Activity: Look below for the line containing "See suur lillekujuline" and the line containing "优秀班主任代表李伟和陶陶作工", then set down both and every line between them exactly, without pictures.

Records for this exercise:

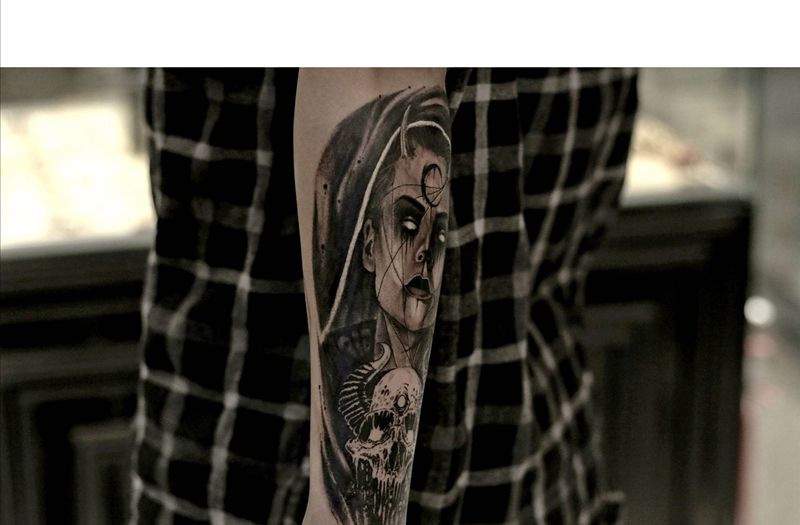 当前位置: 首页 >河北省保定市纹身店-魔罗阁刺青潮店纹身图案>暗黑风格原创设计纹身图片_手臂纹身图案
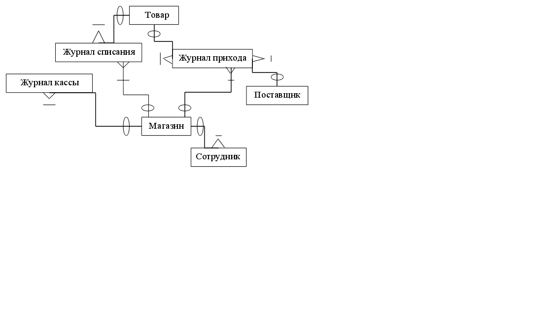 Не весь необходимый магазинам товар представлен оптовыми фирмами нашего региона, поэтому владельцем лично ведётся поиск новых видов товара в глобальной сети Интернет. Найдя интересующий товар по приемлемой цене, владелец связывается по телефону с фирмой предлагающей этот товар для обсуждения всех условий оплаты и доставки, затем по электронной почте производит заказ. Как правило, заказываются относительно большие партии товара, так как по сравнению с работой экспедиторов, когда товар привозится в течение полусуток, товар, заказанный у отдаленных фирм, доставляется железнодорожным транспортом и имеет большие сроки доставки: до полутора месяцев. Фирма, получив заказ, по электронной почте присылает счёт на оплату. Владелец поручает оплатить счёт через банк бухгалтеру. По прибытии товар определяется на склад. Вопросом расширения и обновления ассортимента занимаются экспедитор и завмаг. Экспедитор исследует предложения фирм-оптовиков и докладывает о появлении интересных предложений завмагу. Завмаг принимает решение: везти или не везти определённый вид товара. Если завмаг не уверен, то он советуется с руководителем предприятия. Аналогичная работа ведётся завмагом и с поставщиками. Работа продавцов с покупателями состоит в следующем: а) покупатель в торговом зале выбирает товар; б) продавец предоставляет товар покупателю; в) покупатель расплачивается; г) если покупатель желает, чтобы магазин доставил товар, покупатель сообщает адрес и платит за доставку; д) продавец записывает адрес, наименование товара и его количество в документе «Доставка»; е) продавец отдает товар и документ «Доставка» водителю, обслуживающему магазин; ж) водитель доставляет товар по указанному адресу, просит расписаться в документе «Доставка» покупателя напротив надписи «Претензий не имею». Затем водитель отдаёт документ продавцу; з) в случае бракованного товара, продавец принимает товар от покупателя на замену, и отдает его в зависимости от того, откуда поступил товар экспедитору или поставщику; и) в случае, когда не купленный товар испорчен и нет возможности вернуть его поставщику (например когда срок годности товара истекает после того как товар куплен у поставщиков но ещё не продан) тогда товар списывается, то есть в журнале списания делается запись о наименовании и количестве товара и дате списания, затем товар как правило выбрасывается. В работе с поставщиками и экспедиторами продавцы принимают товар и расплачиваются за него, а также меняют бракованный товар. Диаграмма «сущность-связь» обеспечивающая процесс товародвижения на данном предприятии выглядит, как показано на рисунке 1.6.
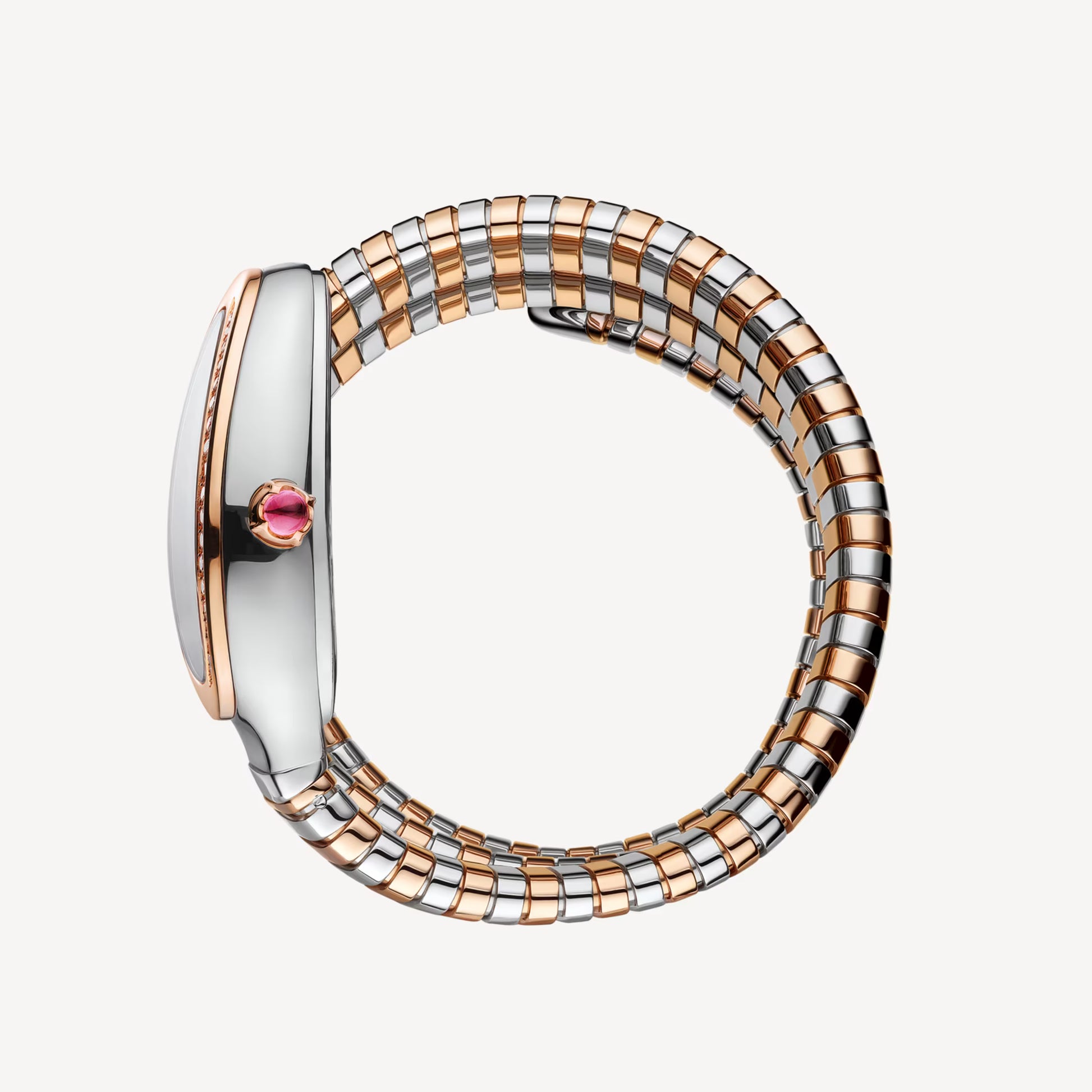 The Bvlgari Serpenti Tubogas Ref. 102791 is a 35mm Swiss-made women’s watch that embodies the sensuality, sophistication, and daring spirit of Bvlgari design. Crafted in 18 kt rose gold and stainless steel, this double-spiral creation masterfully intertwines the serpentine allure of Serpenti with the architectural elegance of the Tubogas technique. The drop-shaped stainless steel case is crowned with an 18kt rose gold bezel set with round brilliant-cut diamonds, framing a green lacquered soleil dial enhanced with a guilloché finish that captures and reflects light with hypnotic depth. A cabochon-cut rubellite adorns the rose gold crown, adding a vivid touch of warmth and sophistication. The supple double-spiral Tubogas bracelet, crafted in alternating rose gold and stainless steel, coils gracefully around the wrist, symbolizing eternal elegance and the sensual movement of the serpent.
...
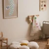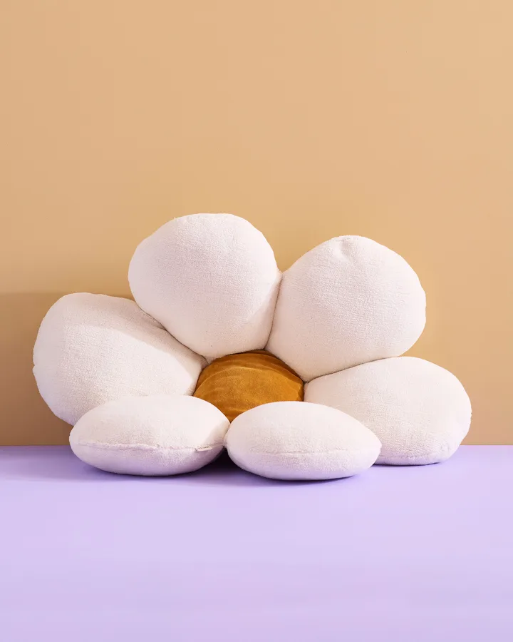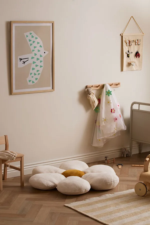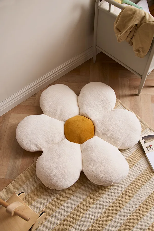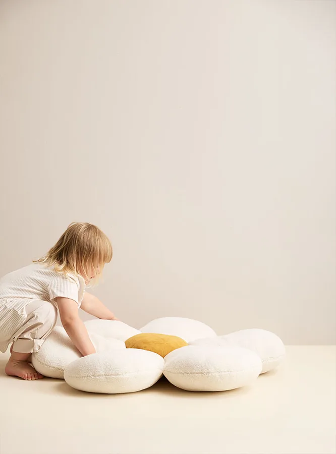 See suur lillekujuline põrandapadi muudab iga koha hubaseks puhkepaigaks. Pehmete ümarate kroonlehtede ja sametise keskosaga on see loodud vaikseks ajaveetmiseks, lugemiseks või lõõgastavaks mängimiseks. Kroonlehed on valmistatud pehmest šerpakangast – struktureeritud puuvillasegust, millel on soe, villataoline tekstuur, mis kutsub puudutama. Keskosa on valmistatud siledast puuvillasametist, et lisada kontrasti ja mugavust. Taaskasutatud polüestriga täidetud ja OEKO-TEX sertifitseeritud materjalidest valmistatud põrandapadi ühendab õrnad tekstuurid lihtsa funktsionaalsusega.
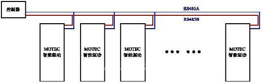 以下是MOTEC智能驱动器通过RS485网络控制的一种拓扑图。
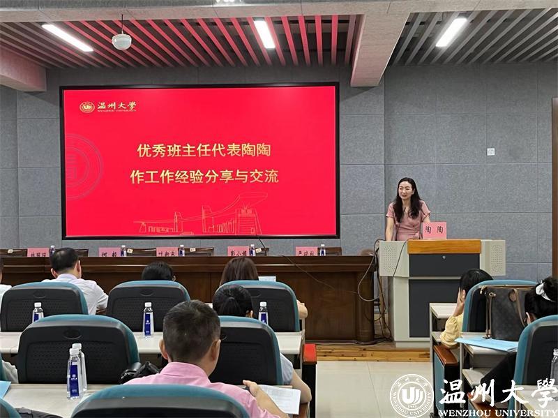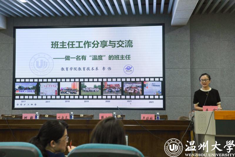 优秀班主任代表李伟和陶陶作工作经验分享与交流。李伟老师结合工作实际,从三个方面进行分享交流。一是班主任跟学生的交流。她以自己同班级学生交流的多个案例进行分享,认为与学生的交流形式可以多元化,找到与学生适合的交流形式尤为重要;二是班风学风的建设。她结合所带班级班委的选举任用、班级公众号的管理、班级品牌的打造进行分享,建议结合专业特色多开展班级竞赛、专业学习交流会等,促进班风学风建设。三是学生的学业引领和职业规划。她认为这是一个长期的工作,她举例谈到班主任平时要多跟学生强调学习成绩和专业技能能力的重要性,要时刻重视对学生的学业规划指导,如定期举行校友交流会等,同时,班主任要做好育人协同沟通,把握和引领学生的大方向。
* * *
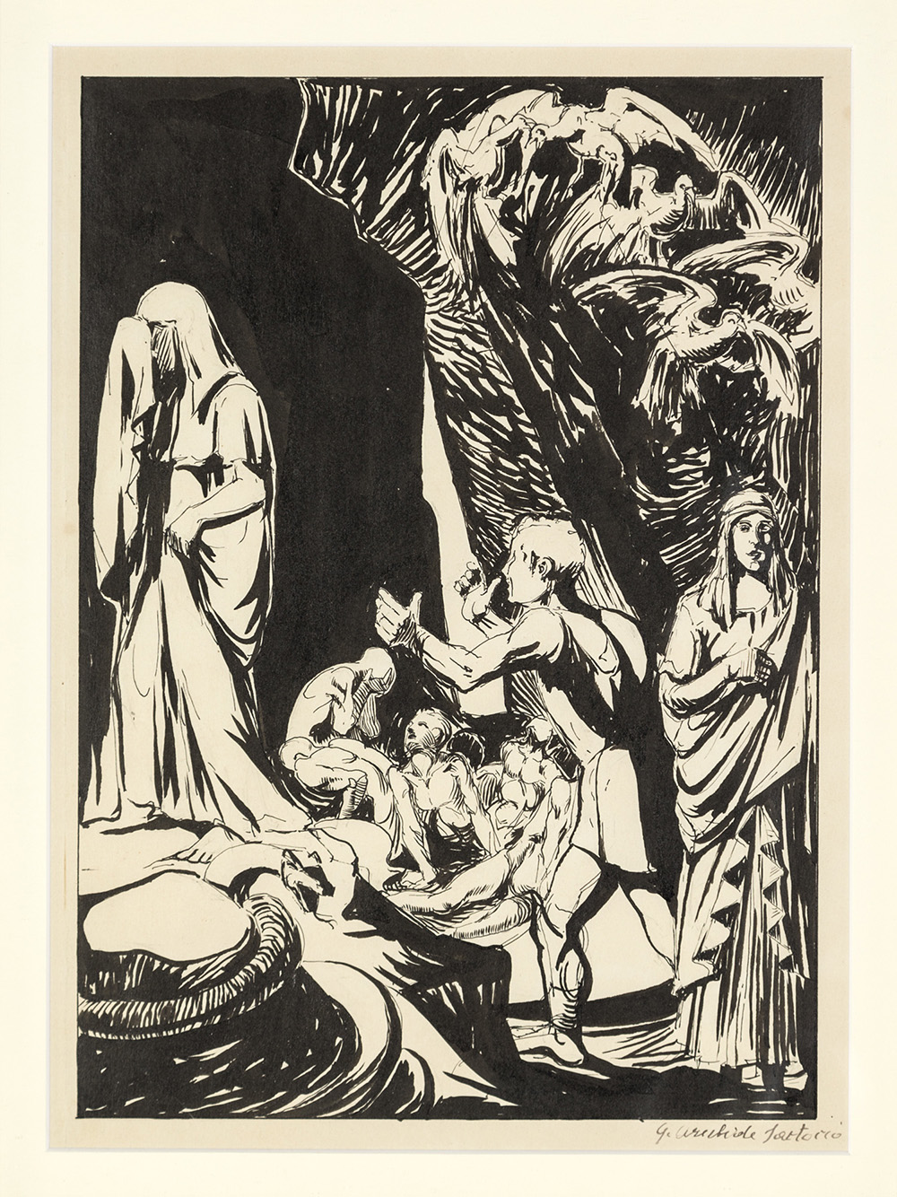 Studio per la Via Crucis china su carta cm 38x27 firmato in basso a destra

Written response:
 See suur lillekujuline põrandapadi muudab iga koha hubaseks puhkepaigaks. Pehmete ümarate kroonlehtede ja sametise keskosaga on see loodud vaikseks ajaveetmiseks, lugemiseks või lõõgastavaks mängimiseks. Kroonlehed on valmistatud pehmest šerpakangast – struktureeritud puuvillasegust, millel on soe, villataoline tekstuur, mis kutsub puudutama. Keskosa on valmistatud siledast puuvillasametist, et lisada kontrasti ja mugavust. Taaskasutatud polüestriga täidetud ja OEKO-TEX sertifitseeritud materjalidest valmistatud põrandapadi ühendab õrnad tekstuurid lihtsa funktsionaalsusega.
 以下是MOTEC智能驱动器通过RS485网络控制的一种拓扑图。
 优秀班主任代表李伟和陶陶作工作经验分享与交流。李伟老师结合工作实际,从三个方面进行分享交流。一是班主任跟学生的交流。她以自己同班级学生交流的多个案例进行分享,认为与学生的交流形式可以多元化,找到与学生适合的交流形式尤为重要;二是班风学风的建设。她结合所带班级班委的选举任用、班级公众号的管理、班级品牌的打造进行分享,建议结合专业特色多开展班级竞赛、专业学习交流会等,促进班风学风建设。三是学生的学业引领和职业规划。她认为这是一个长期的工作,她举例谈到班主任平时要多跟学生强调学习成绩和专业技能能力的重要性,要时刻重视对学生的学业规划指导,如定期举行校友交流会等,同时,班主任要做好育人协同沟通,把握和引领学生的大方向。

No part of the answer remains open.